_What is needed_:
Please copy exactly the part of the records below that opens with the line containing "В наших ресторанах" and closes with the line containing "This study investigates", leaving out any pictures.

_Extracted records_:
☆ ☆ ☆ ☆
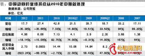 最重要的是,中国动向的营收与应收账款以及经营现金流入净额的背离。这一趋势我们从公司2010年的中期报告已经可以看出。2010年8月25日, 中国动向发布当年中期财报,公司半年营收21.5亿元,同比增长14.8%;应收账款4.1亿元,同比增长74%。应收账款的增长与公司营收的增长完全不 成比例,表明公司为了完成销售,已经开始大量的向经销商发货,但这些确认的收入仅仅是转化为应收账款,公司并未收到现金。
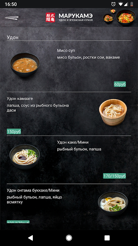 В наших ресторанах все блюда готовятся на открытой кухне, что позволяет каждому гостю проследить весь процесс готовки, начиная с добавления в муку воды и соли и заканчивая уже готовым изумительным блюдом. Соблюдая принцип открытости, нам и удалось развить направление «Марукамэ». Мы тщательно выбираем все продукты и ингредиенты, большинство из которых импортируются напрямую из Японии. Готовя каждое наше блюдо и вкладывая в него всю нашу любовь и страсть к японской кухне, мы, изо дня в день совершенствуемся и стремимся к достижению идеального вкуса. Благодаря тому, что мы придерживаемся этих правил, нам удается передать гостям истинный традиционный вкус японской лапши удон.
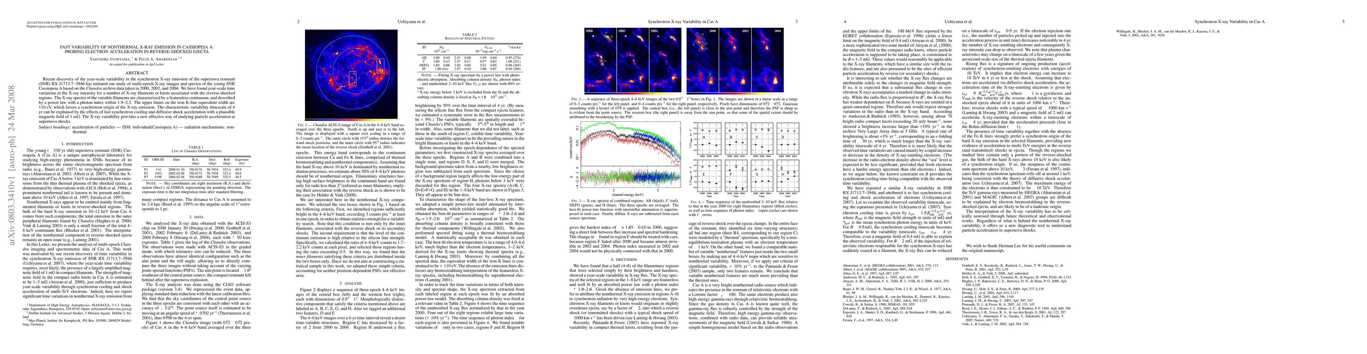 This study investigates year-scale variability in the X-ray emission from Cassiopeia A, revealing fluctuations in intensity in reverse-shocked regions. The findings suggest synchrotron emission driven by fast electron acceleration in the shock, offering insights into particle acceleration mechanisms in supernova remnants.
☆ ☆ ☆ ☆
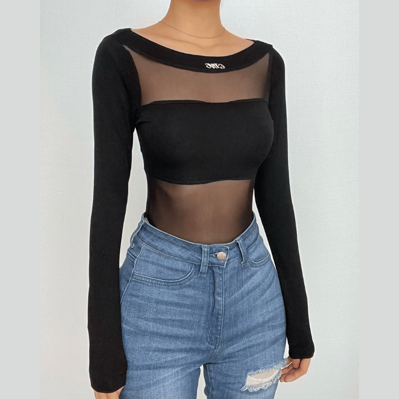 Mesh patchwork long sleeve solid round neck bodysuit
☆ ☆ ☆ ☆
_Output_:
 В наших ресторанах все блюда готовятся на открытой кухне, что позволяет каждому гостю проследить весь процесс готовки, начиная с добавления в муку воды и соли и заканчивая уже готовым изумительным блюдом. Соблюдая принцип открытости, нам и удалось развить направление «Марукамэ». Мы тщательно выбираем все продукты и ингредиенты, большинство из которых импортируются напрямую из Японии. Готовя каждое наше блюдо и вкладывая в него всю нашу любовь и страсть к японской кухне, мы, изо дня в день совершенствуемся и стремимся к достижению идеального вкуса. Благодаря тому, что мы придерживаемся этих правил, нам удается передать гостям истинный традиционный вкус японской лапши удон.
 This study investigates year-scale variability in the X-ray emission from Cassiopeia A, revealing fluctuations in intensity in reverse-shocked regions. The findings suggest synchrotron emission driven by fast electron acceleration in the shock, offering insights into particle acceleration mechanisms in supernova remnants.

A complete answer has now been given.